60. The respondents averred that the training of a degree holder or a diploma holder in pharmacy is more intense and takes a longer period compared to the training the petitioners undertook. The petitioners did not controvert the assertion. The petitioners cannot therefore be heard to say that their discrimination is irrational because they underwent the same studies with degree and diploma holders but they have been locked out of the profession.
61. The respondents correctly submitted that the petitioners cannot use the treatment of professionals in other medical fields as evidence of discrimination. It is noted that each unique field is governed by its own legislation. The legislation applicable to a particular area of practice cannot therefore be applied to a different area of practice. It is also observed that the training in one area of practice is different from that of another area of practice.
62. The petitioners submitted that they had been locked out from upgrading their certificates to diplomas and even degrees. None of the respondents offers any training and it is the market that dictates the kind of training to be offered by colleges and universities. I do not think that any of the petitioners who is qualified to pursue a diploma course in pharmacy can be denied such an opportunity by a training institution.
63. The petitioners urged this court to declare the entire Pharmacy & Poisons Act of 2015 unconstitutional or in the alternative declare Section 8 of the Act unconstitutional. Not a single shred of evidence was placed before the court in support of the alleged unconstitutionality of the entire Act.
64. As for Section 8 of the Act, the respondents submitted that no amendment was made to the Section in 2015. The respondents are indeed correct. The amendment to Section 8 was done in 2002 before a majority of the petitioners enrolled for the certificate courses, and even then section 8(1)(a) ensured that anybody who was already registered as a pharmacist retained their registration. No evidence was adduced to show that any of the petitioners was registered or enrolled prior to 2002 and had been denied an opportunity to practice.

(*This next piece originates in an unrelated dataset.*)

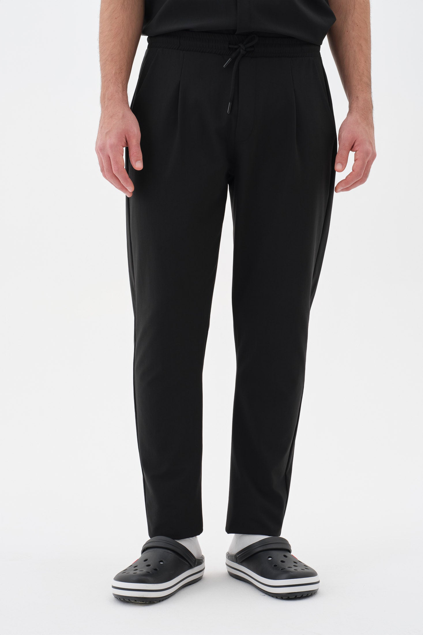 Gün boyu konfor ve profesyonel bir görünüm sunan tasarım. Ön bölümde yer alan pile detayları, oturup kalkarken veya hareket halindeyken ekstra rahatlık alanı sağlar. Düz paça kesimi, ayakkabı üzerine dökümlü durarak modern ve nizami bir silüet oluşturur. Bel kısmındaki lastik ve bağcık detayı, bedene tam uyum sağlayarak kaymayı önler.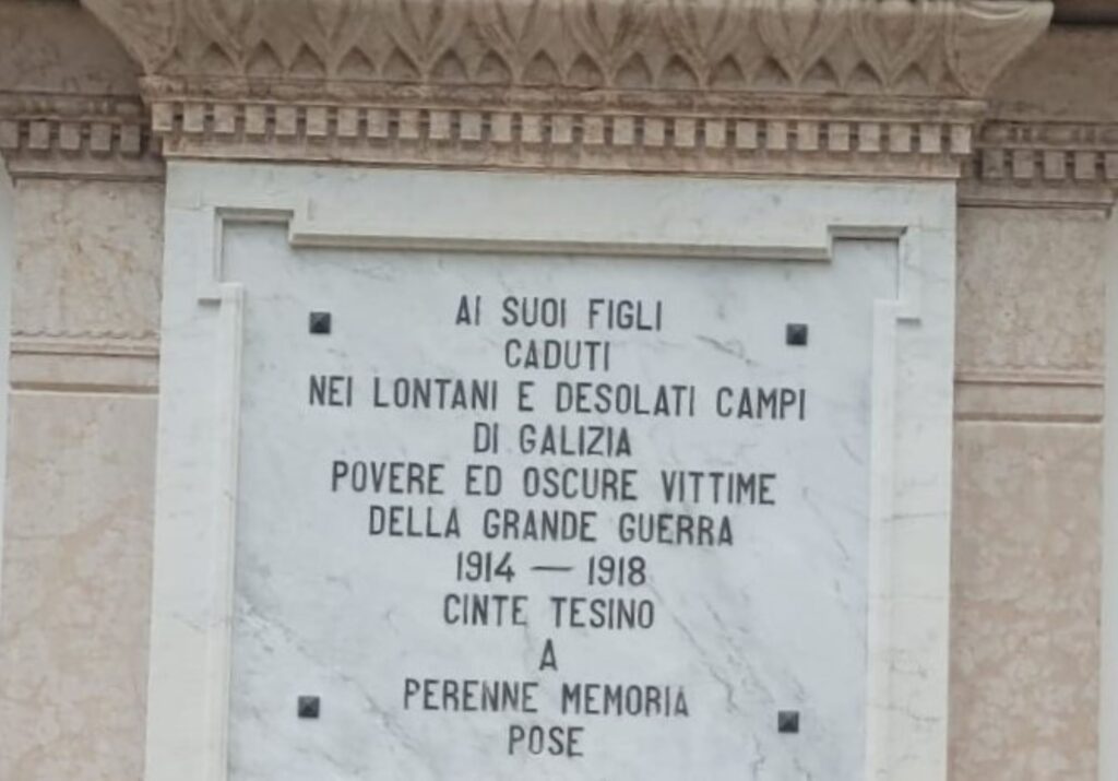Per la rubrica „Briciole di Memoria“, stiamo presentando alcuni di questi monumenti, molti dei quali – ancora ai giorni nostri – non sono stati contestualizzati. Speriamo che questa nostra serie di articoli serva in qualche modo a sollecitare l’apposizione di un testo (una targa, un totem, un QR, un qualsiasi cosa…) che spieghi ad ignari visitatori (ce ne sono tanti, più vicino di quanto si possa pensare) la realtà dei fatti ed il contesto storico in cui nacquero queste epigrafi. Sarebbe un atto dovuto, una piccola riparazione della memoria „dannata“, dopo più di un secolo di oblio.

65. The petitioners cannot, in the circumstances of this case, ride on the doctrine of legitimate expectation to obtain registration as pharmacists. There was no promise made to them by the respondents and neither was there any legal provision at the time of their studies which recognized certificates as appropriate for enrolment as pharmaceutical technologists or registration as pharmacists.
66. The respondents are also correct that the circumstances that prevailed in the case of Martin Wanderi (supra) are different from the facts of this case and the decision of the Supreme Court in that case cannot therefore be of any assistance to the petitioners.

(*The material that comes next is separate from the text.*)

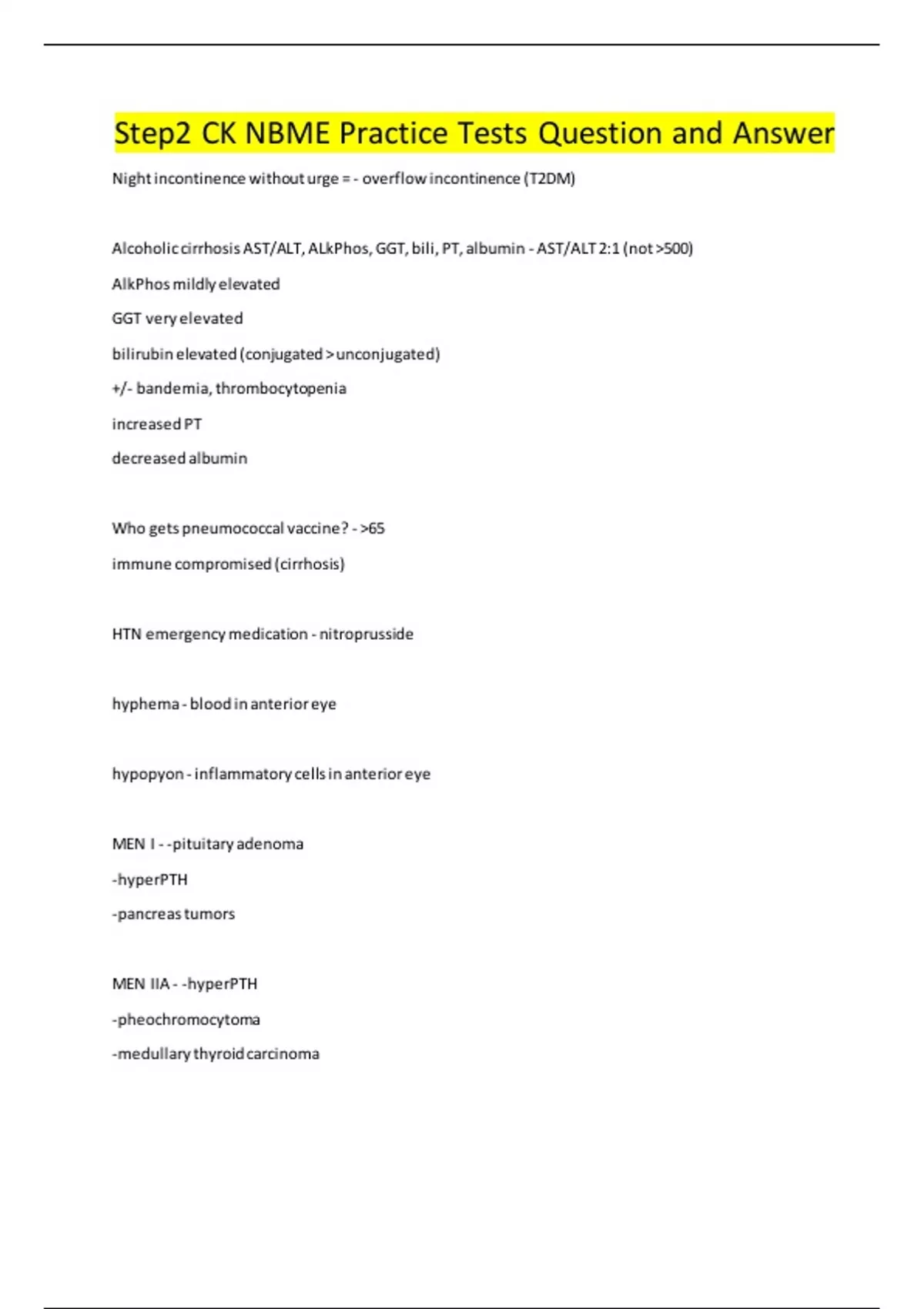 Night incontinence without urge = - overflow incontinence (T2DM) Alcoholic cirrhosis AST/ALT, ALkPhos, GGT, bili, PT, albumin - AST/ALT 2:1 (not 500) AlkPhos mildly elevated GGT very elevated bilirubin elevated (conjugated unconjugated) +/- bandemia, thrombocytopenia increased PT decreased albumin Who gets pneumococcal vaccine? - 65 immune compromised (cirrhosis) HTN emergency medication - nitroprusside hyphema - blood in anterior eye hypopyon - inflammatory cells in anterior eye MEN I - -pituitary adenoma -hyperPTH -pancreas tumors MEN IIA - -hyperPTH -pheochromocytoma -medullary thyroid carcinoma MEN IIB - -pheochromocytoma -medullary thyroid carcinoma -marfanoid/mucosal neuromas

67. A reading of sections 6, 7 and 8 of the Act together with the definition of the term “enrolled pharmaceutical technologist” in Section 2 of the Act clearly shows that only two cadres of professionals are recognized by the law in the pharmacy field. Degree holders are registered as pharmacists whereas diploma holders are enrolled as pharmaceutical technologists. According to Section 8(2) of the Act, pharmaceutical technologists must be diploma holders. Painful, as this pronouncement is, there is no place for certificate holders in the pharmacy industry.
68. Considering what I have already stated in this judgment, it follows that Section 8 of the Pharmacy and Poisons Act is constitutional. This petition is therefore without merit and is therefore dismissed with no order as to costs.
Dated, signed and delivered at Nairobi this 23rd day of January, 2020.